[Opening Data for the task section]

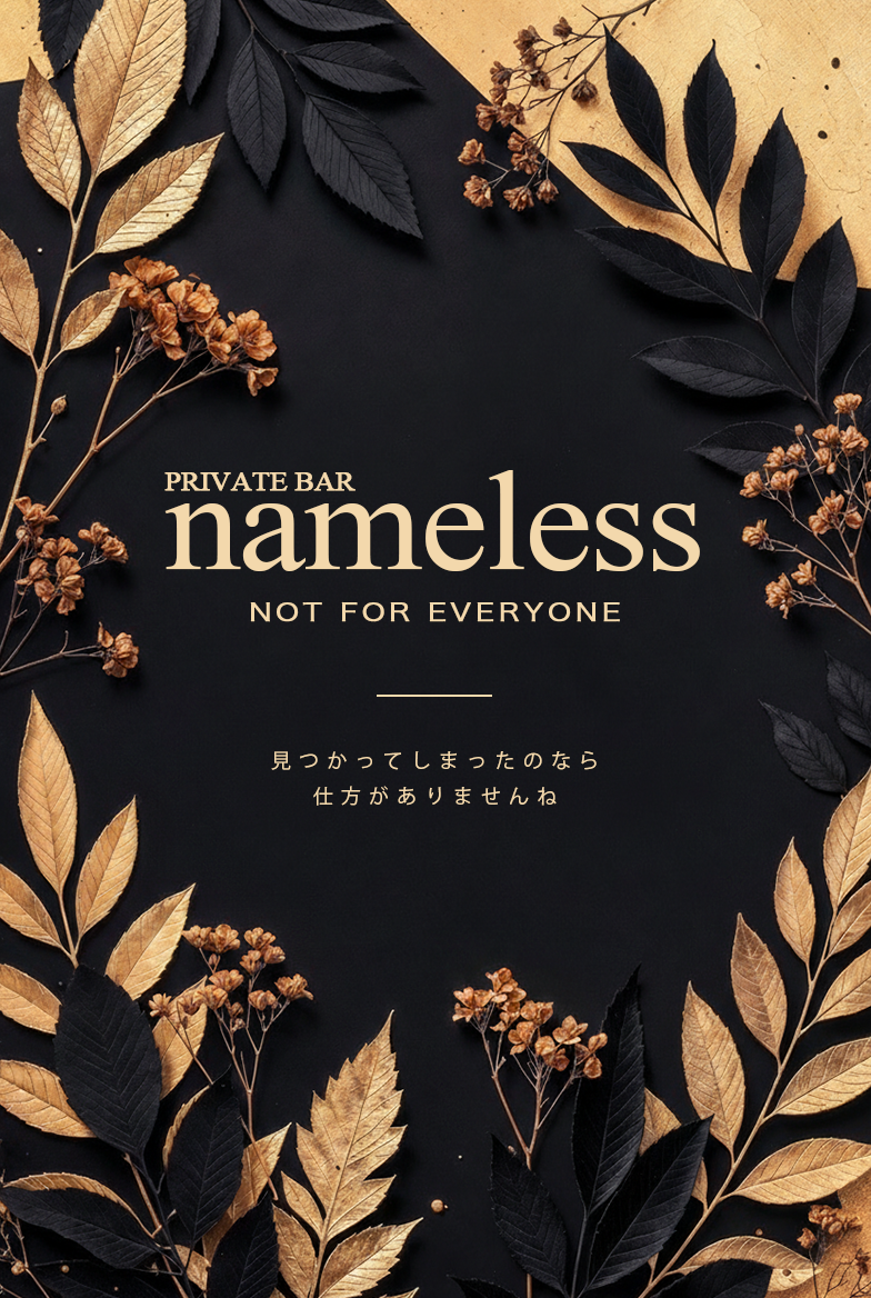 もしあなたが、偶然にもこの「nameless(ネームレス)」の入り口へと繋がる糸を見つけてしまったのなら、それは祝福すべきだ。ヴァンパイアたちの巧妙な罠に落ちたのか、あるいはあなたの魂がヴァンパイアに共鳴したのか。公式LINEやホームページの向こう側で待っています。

[Closing Data for the task section]
[Opening Data for the task section]

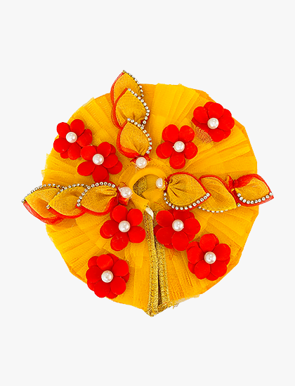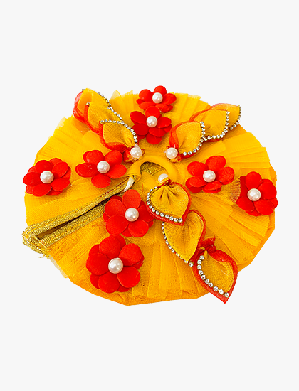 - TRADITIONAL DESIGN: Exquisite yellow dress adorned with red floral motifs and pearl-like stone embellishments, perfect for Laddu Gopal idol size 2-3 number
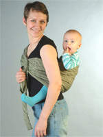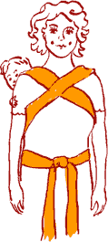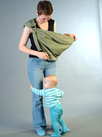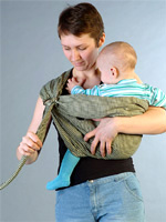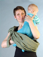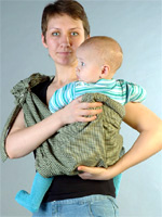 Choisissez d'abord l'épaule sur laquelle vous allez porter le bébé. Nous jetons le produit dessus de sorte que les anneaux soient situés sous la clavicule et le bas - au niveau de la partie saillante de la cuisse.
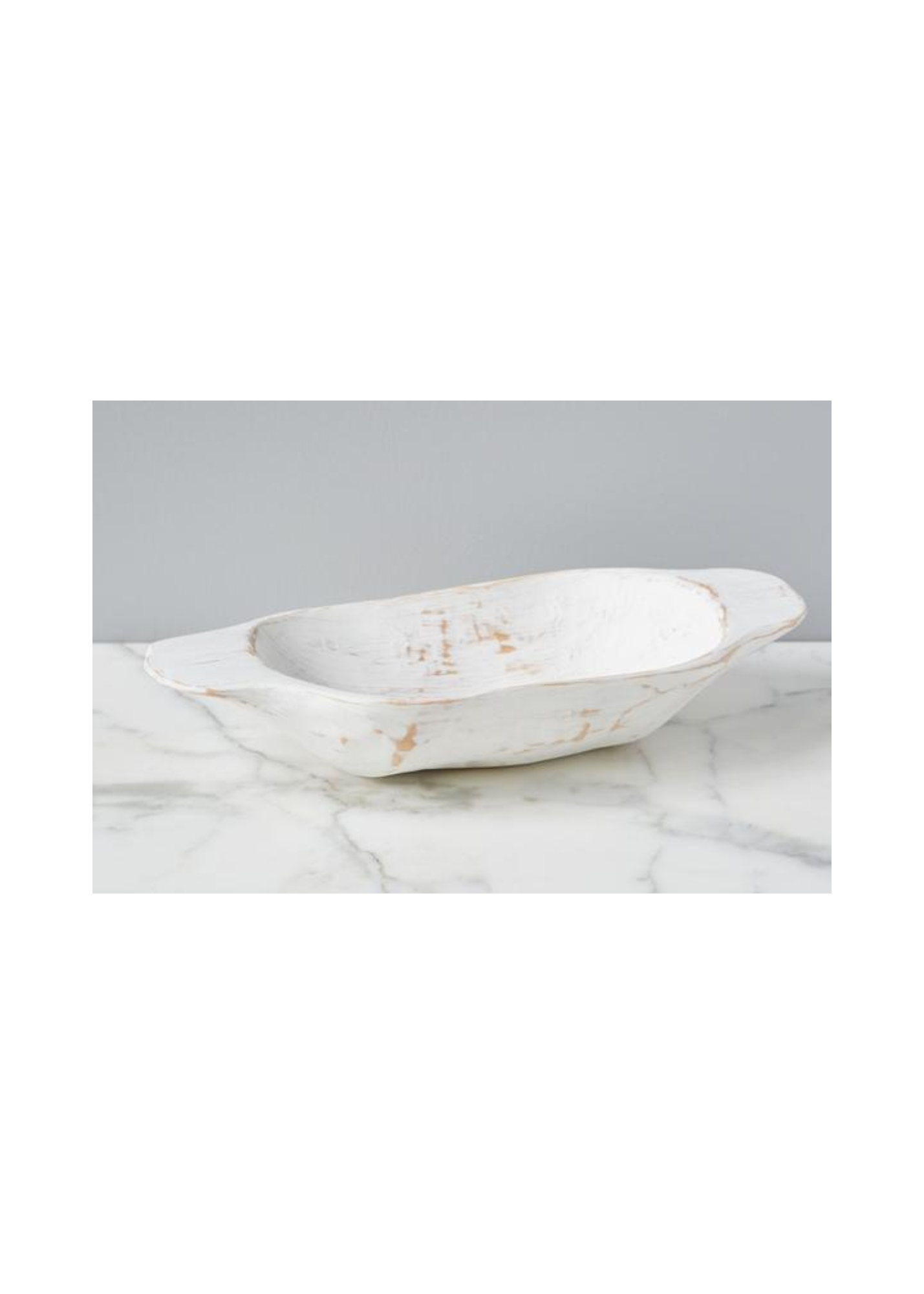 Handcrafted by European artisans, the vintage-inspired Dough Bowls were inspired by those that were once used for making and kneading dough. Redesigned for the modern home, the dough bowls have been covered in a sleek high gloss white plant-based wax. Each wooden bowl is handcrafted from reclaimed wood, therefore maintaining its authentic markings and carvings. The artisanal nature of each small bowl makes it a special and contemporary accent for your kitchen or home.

[Closing Data for the task section]
[Opening Data for the task section]

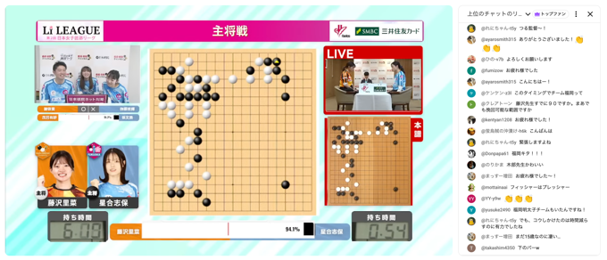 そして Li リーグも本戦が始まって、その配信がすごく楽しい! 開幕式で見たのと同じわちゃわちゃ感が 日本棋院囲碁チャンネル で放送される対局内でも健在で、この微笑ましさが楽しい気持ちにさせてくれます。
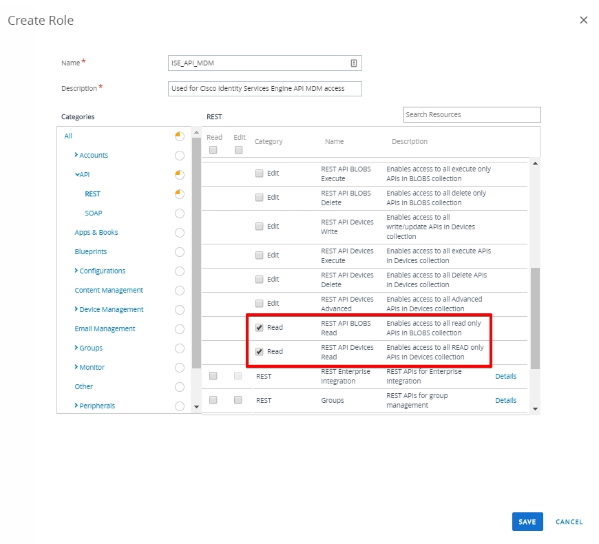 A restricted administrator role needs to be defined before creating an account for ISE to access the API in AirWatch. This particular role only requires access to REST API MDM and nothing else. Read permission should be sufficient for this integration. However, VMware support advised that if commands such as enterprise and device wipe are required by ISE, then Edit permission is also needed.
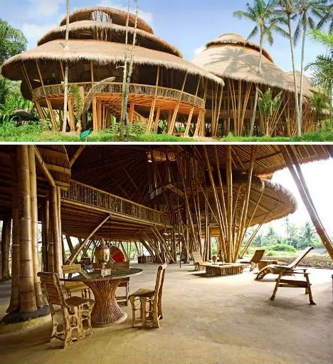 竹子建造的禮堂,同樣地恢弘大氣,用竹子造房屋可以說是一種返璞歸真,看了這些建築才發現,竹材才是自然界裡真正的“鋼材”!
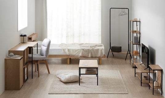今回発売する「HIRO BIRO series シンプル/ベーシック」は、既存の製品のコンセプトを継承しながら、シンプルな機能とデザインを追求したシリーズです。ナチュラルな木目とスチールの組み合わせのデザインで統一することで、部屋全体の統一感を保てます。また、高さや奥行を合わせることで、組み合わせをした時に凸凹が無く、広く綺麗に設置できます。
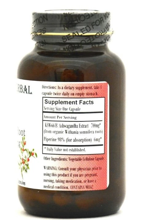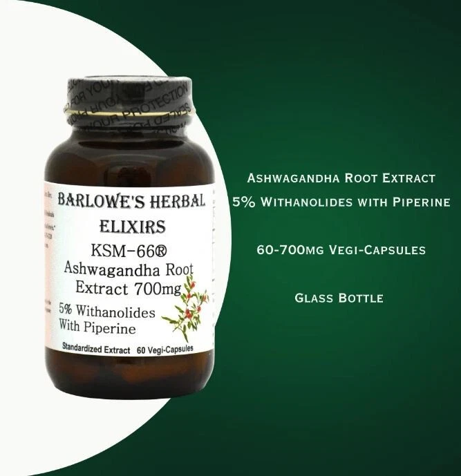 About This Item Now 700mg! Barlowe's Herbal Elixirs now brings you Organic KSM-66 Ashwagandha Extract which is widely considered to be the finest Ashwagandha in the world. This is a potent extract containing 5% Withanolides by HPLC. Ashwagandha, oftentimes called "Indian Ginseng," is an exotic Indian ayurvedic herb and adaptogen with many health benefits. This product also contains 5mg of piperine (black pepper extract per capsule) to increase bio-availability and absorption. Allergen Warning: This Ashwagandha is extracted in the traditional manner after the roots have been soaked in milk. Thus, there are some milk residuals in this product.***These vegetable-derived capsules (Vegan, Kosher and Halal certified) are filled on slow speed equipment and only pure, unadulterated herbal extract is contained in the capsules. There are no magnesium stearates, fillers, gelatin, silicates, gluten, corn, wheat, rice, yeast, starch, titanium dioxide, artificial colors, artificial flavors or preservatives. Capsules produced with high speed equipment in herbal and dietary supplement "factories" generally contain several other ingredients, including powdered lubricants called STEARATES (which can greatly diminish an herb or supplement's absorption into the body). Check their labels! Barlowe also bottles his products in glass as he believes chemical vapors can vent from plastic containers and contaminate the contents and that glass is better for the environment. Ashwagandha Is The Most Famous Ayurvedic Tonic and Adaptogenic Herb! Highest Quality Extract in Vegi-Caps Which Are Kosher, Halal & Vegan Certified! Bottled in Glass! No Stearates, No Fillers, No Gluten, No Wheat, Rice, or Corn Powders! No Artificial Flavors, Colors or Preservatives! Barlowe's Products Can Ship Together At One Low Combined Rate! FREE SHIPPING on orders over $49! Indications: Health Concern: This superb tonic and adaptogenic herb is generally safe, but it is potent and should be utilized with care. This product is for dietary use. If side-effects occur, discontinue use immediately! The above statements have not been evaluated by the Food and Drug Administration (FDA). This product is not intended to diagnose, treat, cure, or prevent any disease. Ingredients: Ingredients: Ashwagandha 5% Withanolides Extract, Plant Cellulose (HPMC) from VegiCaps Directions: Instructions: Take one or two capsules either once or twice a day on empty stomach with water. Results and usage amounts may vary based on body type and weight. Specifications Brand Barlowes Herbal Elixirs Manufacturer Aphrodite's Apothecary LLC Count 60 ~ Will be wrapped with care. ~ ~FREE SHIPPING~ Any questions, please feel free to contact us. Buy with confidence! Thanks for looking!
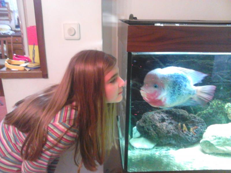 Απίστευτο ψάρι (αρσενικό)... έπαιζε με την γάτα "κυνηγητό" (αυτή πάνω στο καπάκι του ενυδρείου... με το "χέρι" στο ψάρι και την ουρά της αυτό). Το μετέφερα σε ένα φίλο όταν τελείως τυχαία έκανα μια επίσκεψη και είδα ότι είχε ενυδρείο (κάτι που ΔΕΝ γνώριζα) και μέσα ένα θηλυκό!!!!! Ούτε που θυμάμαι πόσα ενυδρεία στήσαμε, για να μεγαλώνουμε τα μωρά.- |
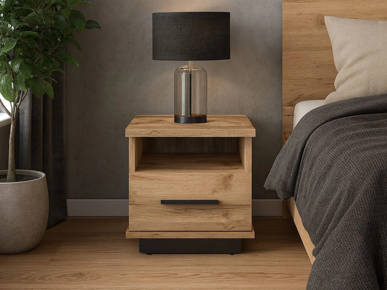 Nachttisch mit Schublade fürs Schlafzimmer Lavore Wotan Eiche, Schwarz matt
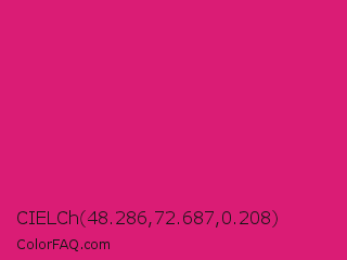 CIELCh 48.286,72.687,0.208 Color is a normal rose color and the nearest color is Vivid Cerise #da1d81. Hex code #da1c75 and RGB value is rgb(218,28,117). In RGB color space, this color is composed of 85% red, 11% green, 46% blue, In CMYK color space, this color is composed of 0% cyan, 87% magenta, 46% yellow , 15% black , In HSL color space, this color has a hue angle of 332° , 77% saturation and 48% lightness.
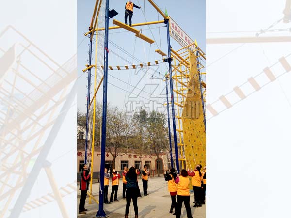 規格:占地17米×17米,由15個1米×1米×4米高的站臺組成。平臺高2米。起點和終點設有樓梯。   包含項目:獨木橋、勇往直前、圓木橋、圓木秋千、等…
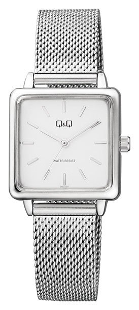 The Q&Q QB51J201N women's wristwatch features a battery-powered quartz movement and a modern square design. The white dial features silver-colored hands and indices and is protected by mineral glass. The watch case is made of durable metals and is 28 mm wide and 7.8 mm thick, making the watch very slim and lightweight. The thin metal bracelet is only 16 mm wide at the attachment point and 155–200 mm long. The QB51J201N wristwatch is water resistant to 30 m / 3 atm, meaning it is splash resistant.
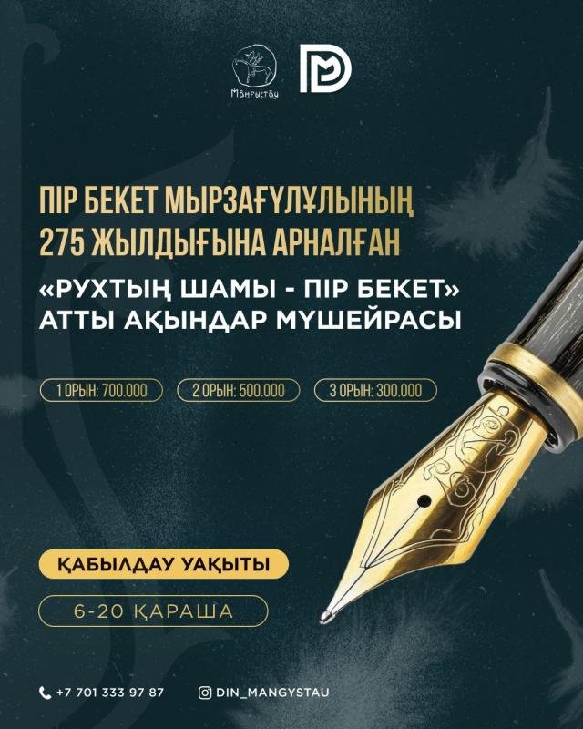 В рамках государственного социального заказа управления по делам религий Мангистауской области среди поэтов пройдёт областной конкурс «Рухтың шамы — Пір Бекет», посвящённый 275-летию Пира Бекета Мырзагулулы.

[Closing Data for the task section]

Output exactly the lines of the listing above that start with the one holding "A restricted administrator" and go on through the one holding "今回発売する「HIRO BIRO series"; leave the pictures out.

### Solution below:
 A restricted administrator role needs to be defined before creating an account for ISE to access the API in AirWatch. This particular role only requires access to REST API MDM and nothing else. Read permission should be sufficient for this integration. However, VMware support advised that if commands such as enterprise and device wipe are required by ISE, then Edit permission is also needed.
 竹子建造的禮堂,同樣地恢弘大氣,用竹子造房屋可以說是一種返璞歸真,看了這些建築才發現,竹材才是自然界裡真正的“鋼材”!
今回発売する「HIRO BIRO series シンプル/ベーシック」は、既存の製品のコンセプトを継承しながら、シンプルな機能とデザインを追求したシリーズです。ナチュラルな木目とスチールの組み合わせのデザインで統一することで、部屋全体の統一感を保てます。また、高さや奥行を合わせることで、組み合わせをした時に凸凹が無く、広く綺麗に設置できます。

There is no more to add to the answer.